SQL> select ksqstreq, ksqstwat from x$ksqst where ksqsttyp='HW';

  KSQSTREQ   KSQSTWAT
---------- ----------
    546953         50

From Oracle version 10g and above, x$ksqst is externalized as v$enqueue_statistics.

However, this statistics shows activity at instance level. While we can use this statistics to measure HW enqueue activity , we need to make sure that there is no other session acquiring HW enqueue. Event 10704 can be used to trace enqueues and every call to get an enqueue prints few lines in the trace file. SQL statement to dump this information to trace file is :

alter session set events ‘10704 trace name context forever, level 15′;

Event 10704 is documented as below:

10704, 00000, "Print out information about what enqueues are being obtained"
// *Cause:  When enabled, prints out arguments to calls to ksqcmi and
//          ksqlrl and the return values.
// *Action: Level indicates details:
//   Level: 1-4: print out basic info for ksqlrl, ksqcmi
//          5-9: also print out stuff in callbacks:  ksqlac, ksqlop
//          10+: also print out time for each line

Few lines from the trace files printed below. ksq is internal Oracle module names for enqueues and ksqgtl is to get locks on a resource. From the lines below, we can see that HW enqueue is acquired in mode 6, exclusive mode. Timestamp is also printed since we enabled this event at level 15. If we need count number of HW enqueue gets, we need to count occurrences of HW- string in the trace file.


*** 2008-05-04 10:08:35.734
ksqgtl *** HW-00000007-01800014 mode=6 flags=0x11 timeout=21474836 ***
ksqgtl: xcb=0x1E283158, ktcdix=2147483647, topxcb=0x1E283158
	ktcipt(topxcb)=0x0

*** 2008-05-04 10:08:35.734
ksucti: init session DID from txn DID:
ksqgtl:
	ksqlkdid: 0001-0014-00000016

*** 2008-05-04 10:08:35.734
*** ksudidTrace: ksqgtl
	ktcmydid(): 0001-0014-00000016
	ksusesdi:   0000-0000-00000000
	ksusetxn:   0001-0014-00000016
ksqgtl: RETURNS 0

*** 2008-05-04 10:08:35.750
ksqrcl: HW,7,1800014
ksqrcl: returns 0

Now, we can grep for HW- in the trace file, count it and match that against v$enqueue_statistics. Following test case illustrates this method using an example table below:


SQL> select ksqstreq, ksqstwat from x$ksqst where ksqsttyp='HW';

  KSQSTREQ   KSQSTWAT
---------- ----------
    546198         50

SQL> insert into test_hw
     select n, lpad(n, 4000,'a') v1 from
     (select level n from dual connect by level  SQL> SQL> commit;

Commit complete.

SQL> select ksqstreq, ksqstwat from x$ksqst where ksqsttyp='HW';

  KSQSTREQ   KSQSTWAT
---------- ----------
    546953         50

A difference of 755 (546953-54619 8) total gets to HW enqueue.

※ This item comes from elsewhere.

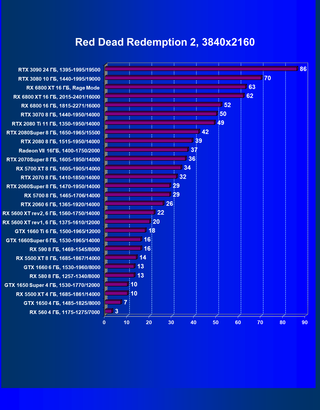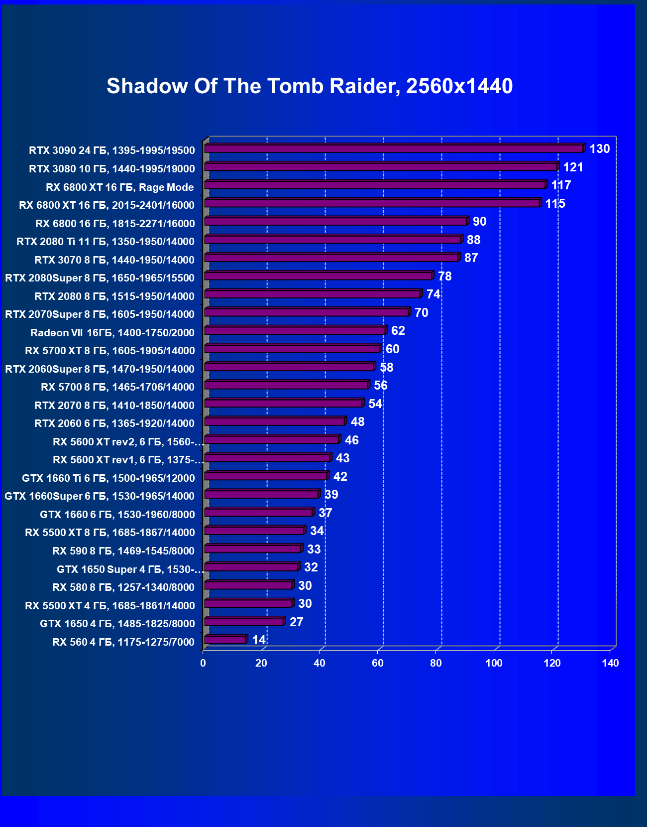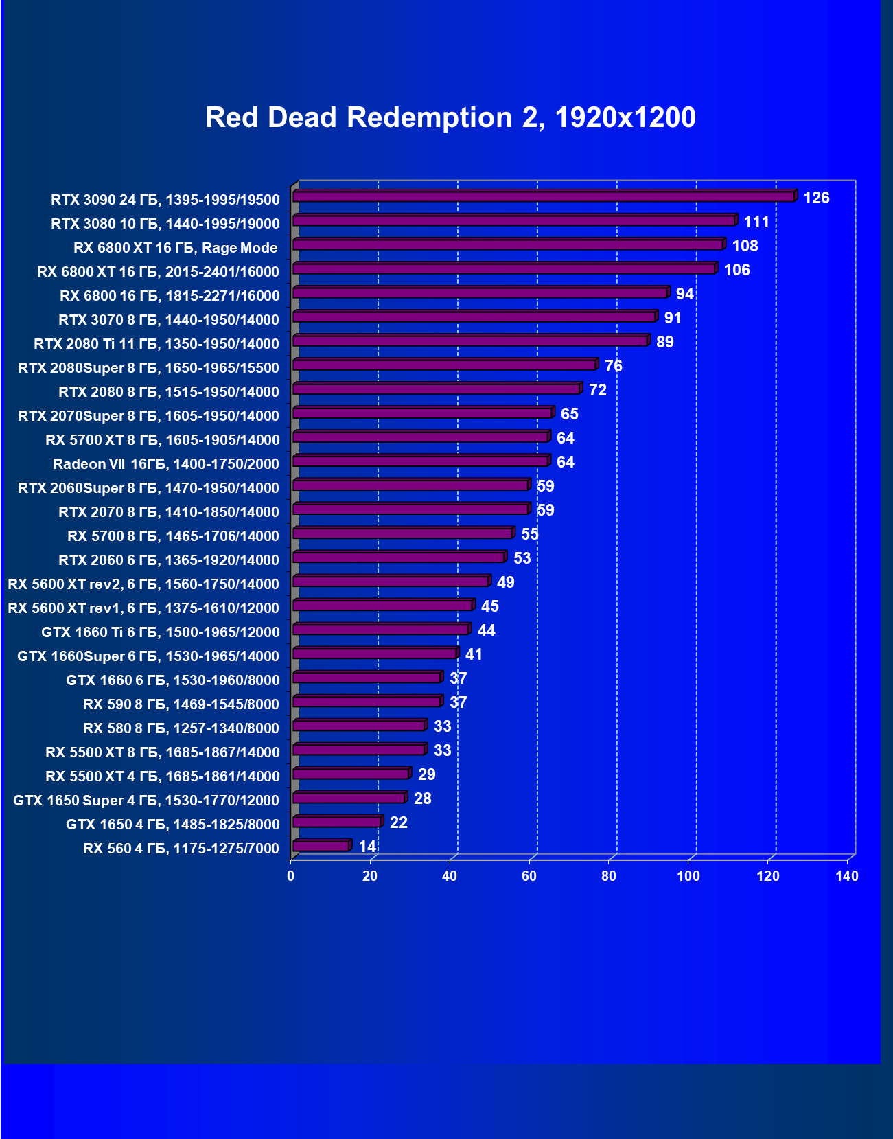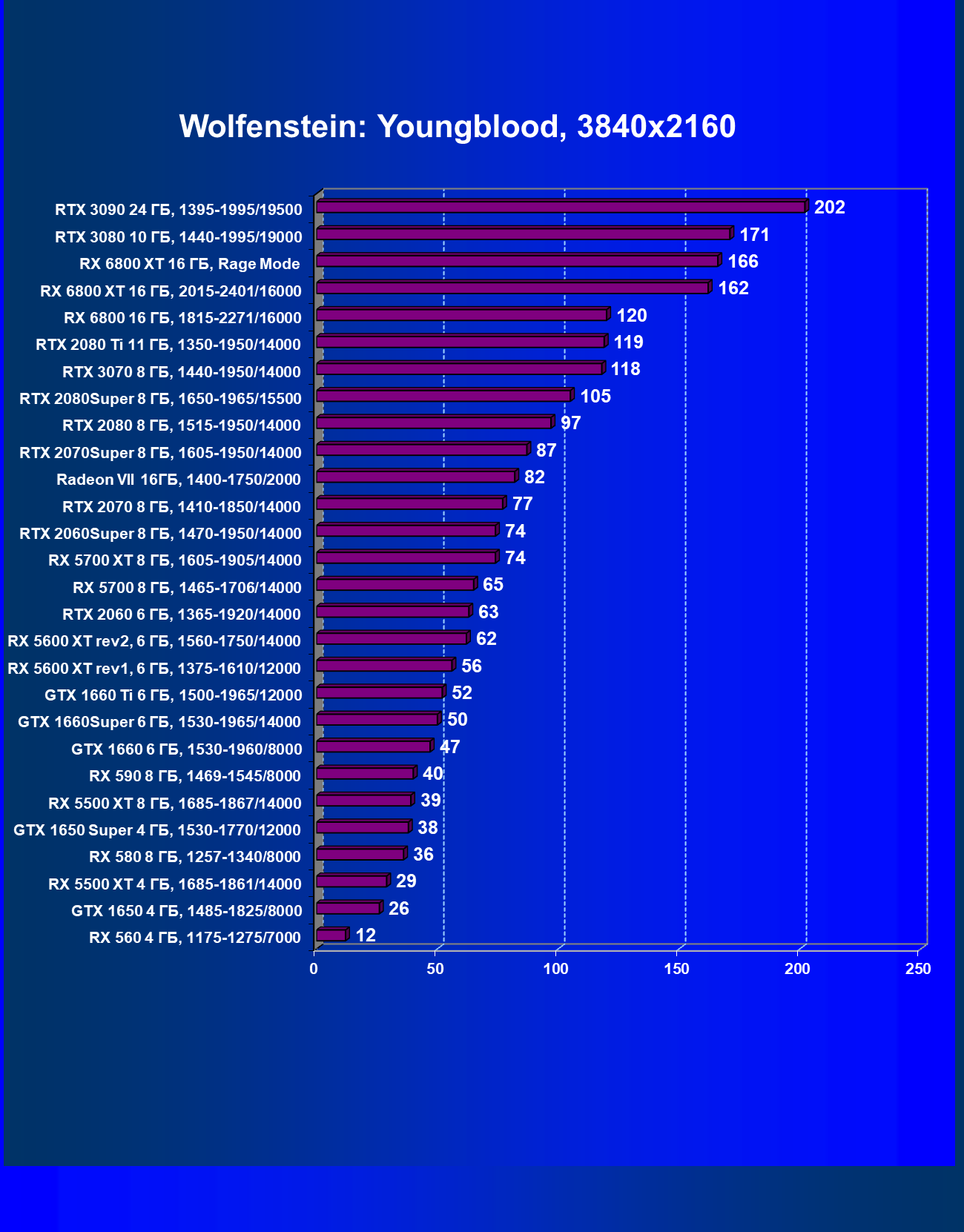 | 13 | RX 6800 16 ГБ, 1815—2271/16000 | 31 | 191 | 62 000 |

Searching for HW- enqueues in the trace file also prints 755.

/oracle/app/oracle/admin/TEST1/udump> grep ‘HW-’ test1_ora_26668.trc |wc -l
755

So, in my test database, my session is the only session and we could query v$enqueue_statistics for our test cases.

Test case

Following test case will be used to see the impact of extent size, segment management on HW enqueue gets. If total number of HW enqueue gets can be reduced, contention can be relieved.

Following script creates a tablespace, then creates a table with lob column in that tablespace, inserts 9999 rows in to that table and prints difference in total enqueue gets before and after insert statement.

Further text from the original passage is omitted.